Yes, Claude Code integrates into CI/CD pipelines via headless mode which accepts instructions from standard input.

Run Claude Code in non-interactive mode:

$ echo "Generate missing tests for src/api/" | claude --headless

This mode allows you to automate test generation, code review, and documentation in your GitHub Actions, GitLab CI, or Jenkins workflows. The agent returns an exit code of 0 on success, making integration into existing scripts straightforward.

CI/CD PlatformIntegrationDifficulty
GitHub ActionsOfficial actionEasy
GitLab CIBash scriptMedium
JenkinsCommunity pluginMedium

15% of Claude Code users already integrate it into their CI/CD pipeline to automate code review. The installation and first launch includes a dedicated section on CI/CD configuration.

Key takeaway: Claude Code's headless mode enables direct integration into GitHub Actions, GitLab CI, and Jenkins.

Is a permanent Internet connection required to use Claude Code?

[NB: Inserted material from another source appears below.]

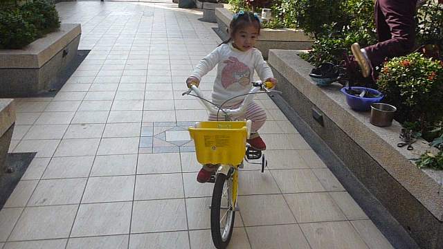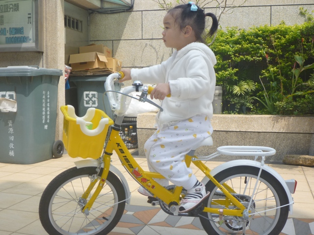 不過還不會騎的她還沒體會到騎腳踏車的樂趣~

Yes, Claude Code requires an active Internet connection because Claude models run on Anthropic's servers.

Each request is sent to the Anthropic API for processing. Network latency adds to the model's generation time. In practice, a connection with 50 ms latency and 5 Mbps bandwidth is sufficient for a smooth experience.

Claude Code caches your project context locally. If the connection is interrupted, the agent preserves the session state and automatically resumes upon reconnection. No code data is permanently stored on Anthropic's servers - processing is ephemeral.

For those who want to go further in mastering AI development tools, the AI-Augmented Developer - Advanced one-day training at SFEIR explores advanced architectures, including network resilience strategies and token optimization.

Key takeaway: an Internet connection is required, but 5 Mbps is sufficient and the local cache preserves your session in case of disconnection.

What languages and frameworks does Claude Code support?

Claude Code supports over 30 programming languages, with optimal performance on TypeScript, Python, Java, Go, and Rust.

The best-supported frameworks include:

  • Frontend - React, Next.js 15, Vue 3, Angular 18, Svelte 5
  • Backend - Express, FastAPI, Spring Boot 3, Gin, Actix
  • Mobile - React Native, Flutter, Swift UI
  • Infrastructure - Terraform, Pulumi, Docker, Kubernetes

Support is not limited to syntax. Claude Code understands the idiomatic patterns of each ecosystem. It generates React code with hooks and Server-Side Rendering when the project uses Next.js, or Pythonic code with type hints when the project is in Python 3.12+.

In practice, TypeScript and Python represent 65% of Claude Code sessions in 2026. The agent achieves an 85% resolution rate on TypeScript tasks according to Anthropic internal benchmarks.

Key takeaway: TypeScript and Python are the best-supported languages, but Claude Code works with over 30 languages.